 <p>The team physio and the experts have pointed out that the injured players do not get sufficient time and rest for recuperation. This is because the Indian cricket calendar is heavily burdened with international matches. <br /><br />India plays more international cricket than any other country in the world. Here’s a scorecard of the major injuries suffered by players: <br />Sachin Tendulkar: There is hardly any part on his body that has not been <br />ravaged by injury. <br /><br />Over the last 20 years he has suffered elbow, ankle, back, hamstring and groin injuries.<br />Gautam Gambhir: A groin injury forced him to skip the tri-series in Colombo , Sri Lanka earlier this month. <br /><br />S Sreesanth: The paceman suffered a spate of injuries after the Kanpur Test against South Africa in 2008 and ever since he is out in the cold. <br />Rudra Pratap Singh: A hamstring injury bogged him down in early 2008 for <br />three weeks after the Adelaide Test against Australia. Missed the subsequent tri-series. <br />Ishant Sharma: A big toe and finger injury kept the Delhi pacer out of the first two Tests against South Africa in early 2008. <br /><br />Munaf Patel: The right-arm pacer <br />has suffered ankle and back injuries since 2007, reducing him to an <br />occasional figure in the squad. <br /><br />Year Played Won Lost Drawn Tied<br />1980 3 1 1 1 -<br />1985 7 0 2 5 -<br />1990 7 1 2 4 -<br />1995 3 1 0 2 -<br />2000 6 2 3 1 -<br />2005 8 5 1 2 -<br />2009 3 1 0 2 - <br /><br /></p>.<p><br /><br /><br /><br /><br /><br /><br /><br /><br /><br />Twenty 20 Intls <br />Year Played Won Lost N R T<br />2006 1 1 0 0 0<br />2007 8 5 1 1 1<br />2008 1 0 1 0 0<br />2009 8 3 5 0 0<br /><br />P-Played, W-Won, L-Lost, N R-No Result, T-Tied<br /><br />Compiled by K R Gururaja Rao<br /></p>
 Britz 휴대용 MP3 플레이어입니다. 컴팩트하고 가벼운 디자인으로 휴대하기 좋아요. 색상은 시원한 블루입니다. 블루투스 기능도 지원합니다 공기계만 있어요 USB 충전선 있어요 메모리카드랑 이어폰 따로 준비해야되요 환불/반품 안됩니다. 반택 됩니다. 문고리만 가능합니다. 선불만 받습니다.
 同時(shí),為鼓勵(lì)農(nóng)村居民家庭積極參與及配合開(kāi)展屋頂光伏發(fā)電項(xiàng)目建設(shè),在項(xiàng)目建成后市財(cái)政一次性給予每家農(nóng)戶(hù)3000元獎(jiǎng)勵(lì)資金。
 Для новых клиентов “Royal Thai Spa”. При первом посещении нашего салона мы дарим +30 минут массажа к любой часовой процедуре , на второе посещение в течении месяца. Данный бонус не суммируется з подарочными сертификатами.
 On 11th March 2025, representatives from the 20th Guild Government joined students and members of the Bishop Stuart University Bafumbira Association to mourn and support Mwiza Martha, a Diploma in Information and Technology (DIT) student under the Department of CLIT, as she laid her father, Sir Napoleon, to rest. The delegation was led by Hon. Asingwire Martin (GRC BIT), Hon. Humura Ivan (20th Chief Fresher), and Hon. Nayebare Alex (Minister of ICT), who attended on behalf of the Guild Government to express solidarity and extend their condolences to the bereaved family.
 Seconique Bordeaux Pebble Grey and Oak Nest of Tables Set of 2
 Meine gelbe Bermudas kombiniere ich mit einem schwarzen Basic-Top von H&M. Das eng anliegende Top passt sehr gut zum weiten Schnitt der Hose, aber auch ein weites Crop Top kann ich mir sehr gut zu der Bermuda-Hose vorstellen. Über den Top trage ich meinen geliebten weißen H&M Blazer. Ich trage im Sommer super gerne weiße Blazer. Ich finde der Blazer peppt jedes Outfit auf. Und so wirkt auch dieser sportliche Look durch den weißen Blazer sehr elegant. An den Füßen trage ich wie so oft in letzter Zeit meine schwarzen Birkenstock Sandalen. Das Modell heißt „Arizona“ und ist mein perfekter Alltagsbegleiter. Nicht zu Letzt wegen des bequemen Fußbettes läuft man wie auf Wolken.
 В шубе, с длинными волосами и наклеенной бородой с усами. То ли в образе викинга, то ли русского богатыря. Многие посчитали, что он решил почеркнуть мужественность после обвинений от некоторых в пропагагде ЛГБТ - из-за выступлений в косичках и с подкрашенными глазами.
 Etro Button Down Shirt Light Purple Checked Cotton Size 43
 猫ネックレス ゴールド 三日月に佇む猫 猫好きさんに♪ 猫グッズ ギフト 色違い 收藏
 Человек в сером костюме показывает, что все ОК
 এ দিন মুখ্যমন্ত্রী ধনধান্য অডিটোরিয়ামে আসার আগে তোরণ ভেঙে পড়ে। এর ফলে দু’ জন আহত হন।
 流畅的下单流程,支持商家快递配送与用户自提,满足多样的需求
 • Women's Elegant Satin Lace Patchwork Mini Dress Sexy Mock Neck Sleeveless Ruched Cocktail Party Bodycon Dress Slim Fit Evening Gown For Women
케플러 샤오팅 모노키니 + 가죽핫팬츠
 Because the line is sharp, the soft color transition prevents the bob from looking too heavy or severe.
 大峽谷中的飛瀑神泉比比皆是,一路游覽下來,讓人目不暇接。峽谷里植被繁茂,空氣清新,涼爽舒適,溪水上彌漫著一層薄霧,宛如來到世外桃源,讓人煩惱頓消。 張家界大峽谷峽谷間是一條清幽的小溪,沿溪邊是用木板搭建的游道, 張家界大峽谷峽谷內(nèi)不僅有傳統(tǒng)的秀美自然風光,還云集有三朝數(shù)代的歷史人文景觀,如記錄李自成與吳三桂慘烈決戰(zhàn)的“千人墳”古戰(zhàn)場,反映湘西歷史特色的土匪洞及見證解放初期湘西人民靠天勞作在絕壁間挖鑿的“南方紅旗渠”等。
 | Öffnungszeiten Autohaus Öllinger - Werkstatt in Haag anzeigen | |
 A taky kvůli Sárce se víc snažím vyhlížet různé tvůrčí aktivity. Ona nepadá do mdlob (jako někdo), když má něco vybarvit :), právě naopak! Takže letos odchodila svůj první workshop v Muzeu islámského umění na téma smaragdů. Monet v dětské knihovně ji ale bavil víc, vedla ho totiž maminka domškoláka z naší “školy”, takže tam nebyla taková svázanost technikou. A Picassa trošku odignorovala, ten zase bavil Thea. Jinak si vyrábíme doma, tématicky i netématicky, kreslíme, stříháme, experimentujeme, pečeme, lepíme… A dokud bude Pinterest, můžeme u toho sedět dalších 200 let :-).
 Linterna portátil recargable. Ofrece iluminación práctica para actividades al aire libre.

Task brief: Please transcribe all of the entries precisely.

Solution for this task:
 <p>The team physio and the experts have pointed out that the injured players do not get sufficient time and rest for recuperation. This is because the Indian cricket calendar is heavily burdened with international matches. <br /><br />India plays more international cricket than any other country in the world. Here’s a scorecard of the major injuries suffered by players: <br />Sachin Tendulkar: There is hardly any part on his body that has not been <br />ravaged by injury. <br /><br />Over the last 20 years he has suffered elbow, ankle, back, hamstring and groin injuries.<br />Gautam Gambhir: A groin injury forced him to skip the tri-series in Colombo , Sri Lanka earlier this month. <br /><br />S Sreesanth: The paceman suffered a spate of injuries after the Kanpur Test against South Africa in 2008 and ever since he is out in the cold. <br />Rudra Pratap Singh: A hamstring injury bogged him down in early 2008 for <br />three weeks after the Adelaide Test against Australia. Missed the subsequent tri-series. <br />Ishant Sharma: A big toe and finger injury kept the Delhi pacer out of the first two Tests against South Africa in early 2008. <br /><br />Munaf Patel: The right-arm pacer <br />has suffered ankle and back injuries since 2007, reducing him to an <br />occasional figure in the squad. <br /><br />Year Played Won Lost Drawn Tied<br />1980 3 1 1 1 -<br />1985 7 0 2 5 -<br />1990 7 1 2 4 -<br />1995 3 1 0 2 -<br />2000 6 2 3 1 -<br />2005 8 5 1 2 -<br />2009 3 1 0 2 - <br /><br /></p>.<p><br /><br /><br /><br /><br /><br /><br /><br /><br /><br />Twenty 20 Intls <br />Year Played Won Lost N R T<br />2006 1 1 0 0 0<br />2007 8 5 1 1 1<br />2008 1 0 1 0 0<br />2009 8 3 5 0 0<br /><br />P-Played, W-Won, L-Lost, N R-No Result, T-Tied<br /><br />Compiled by K R Gururaja Rao<br /></p>
 Britz 휴대용 MP3 플레이어입니다. 컴팩트하고 가벼운 디자인으로 휴대하기 좋아요. 색상은 시원한 블루입니다. 블루투스 기능도 지원합니다 공기계만 있어요 USB 충전선 있어요 메모리카드랑 이어폰 따로 준비해야되요 환불/반품 안됩니다. 반택 됩니다. 문고리만 가능합니다. 선불만 받습니다.
 同時(shí),為鼓勵(lì)農(nóng)村居民家庭積極參與及配合開(kāi)展屋頂光伏發(fā)電項(xiàng)目建設(shè),在項(xiàng)目建成后市財(cái)政一次性給予每家農(nóng)戶(hù)3000元獎(jiǎng)勵(lì)資金。
 Для новых клиентов “Royal Thai Spa”. При первом посещении нашего салона мы дарим +30 минут массажа к любой часовой процедуре , на второе посещение в течении месяца. Данный бонус не суммируется з подарочными сертификатами.
 On 11th March 2025, representatives from the 20th Guild Government joined students and members of the Bishop Stuart University Bafumbira Association to mourn and support Mwiza Martha, a Diploma in Information and Technology (DIT) student under the Department of CLIT, as she laid her father, Sir Napoleon, to rest. The delegation was led by Hon. Asingwire Martin (GRC BIT), Hon. Humura Ivan (20th Chief Fresher), and Hon. Nayebare Alex (Minister of ICT), who attended on behalf of the Guild Government to express solidarity and extend their condolences to the bereaved family.
 Seconique Bordeaux Pebble Grey and Oak Nest of Tables Set of 2
 Meine gelbe Bermudas kombiniere ich mit einem schwarzen Basic-Top von H&M. Das eng anliegende Top passt sehr gut zum weiten Schnitt der Hose, aber auch ein weites Crop Top kann ich mir sehr gut zu der Bermuda-Hose vorstellen. Über den Top trage ich meinen geliebten weißen H&M Blazer. Ich trage im Sommer super gerne weiße Blazer. Ich finde der Blazer peppt jedes Outfit auf. Und so wirkt auch dieser sportliche Look durch den weißen Blazer sehr elegant. An den Füßen trage ich wie so oft in letzter Zeit meine schwarzen Birkenstock Sandalen. Das Modell heißt „Arizona“ und ist mein perfekter Alltagsbegleiter. Nicht zu Letzt wegen des bequemen Fußbettes läuft man wie auf Wolken.
 В шубе, с длинными волосами и наклеенной бородой с усами. То ли в образе викинга, то ли русского богатыря. Многие посчитали, что он решил почеркнуть мужественность после обвинений от некоторых в пропагагде ЛГБТ - из-за выступлений в косичках и с подкрашенными глазами.
 Etro Button Down Shirt Light Purple Checked Cotton Size 43
 猫ネックレス ゴールド 三日月に佇む猫 猫好きさんに♪ 猫グッズ ギフト 色違い 收藏
 Человек в сером костюме показывает, что все ОК
 এ দিন মুখ্যমন্ত্রী ধনধান্য অডিটোরিয়ামে আসার আগে তোরণ ভেঙে পড়ে। এর ফলে দু’ জন আহত হন।
 流畅的下单流程,支持商家快递配送与用户自提,满足多样的需求
 • Women's Elegant Satin Lace Patchwork Mini Dress Sexy Mock Neck Sleeveless Ruched Cocktail Party Bodycon Dress Slim Fit Evening Gown For Women
케플러 샤오팅 모노키니 + 가죽핫팬츠
 Because the line is sharp, the soft color transition prevents the bob from looking too heavy or severe.
 大峽谷中的飛瀑神泉比比皆是,一路游覽下來,讓人目不暇接。峽谷里植被繁茂,空氣清新,涼爽舒適,溪水上彌漫著一層薄霧,宛如來到世外桃源,讓人煩惱頓消。 張家界大峽谷峽谷間是一條清幽的小溪,沿溪邊是用木板搭建的游道, 張家界大峽谷峽谷內(nèi)不僅有傳統(tǒng)的秀美自然風光,還云集有三朝數(shù)代的歷史人文景觀,如記錄李自成與吳三桂慘烈決戰(zhàn)的“千人墳”古戰(zhàn)場,反映湘西歷史特色的土匪洞及見證解放初期湘西人民靠天勞作在絕壁間挖鑿的“南方紅旗渠”等。
 | Öffnungszeiten Autohaus Öllinger - Werkstatt in Haag anzeigen | |
 A taky kvůli Sárce se víc snažím vyhlížet různé tvůrčí aktivity. Ona nepadá do mdlob (jako někdo), když má něco vybarvit :), právě naopak! Takže letos odchodila svůj první workshop v Muzeu islámského umění na téma smaragdů. Monet v dětské knihovně ji ale bavil víc, vedla ho totiž maminka domškoláka z naší “školy”, takže tam nebyla taková svázanost technikou. A Picassa trošku odignorovala, ten zase bavil Thea. Jinak si vyrábíme doma, tématicky i netématicky, kreslíme, stříháme, experimentujeme, pečeme, lepíme… A dokud bude Pinterest, můžeme u toho sedět dalších 200 let :-).
 Linterna portátil recargable. Ofrece iluminación práctica para actividades al aire libre.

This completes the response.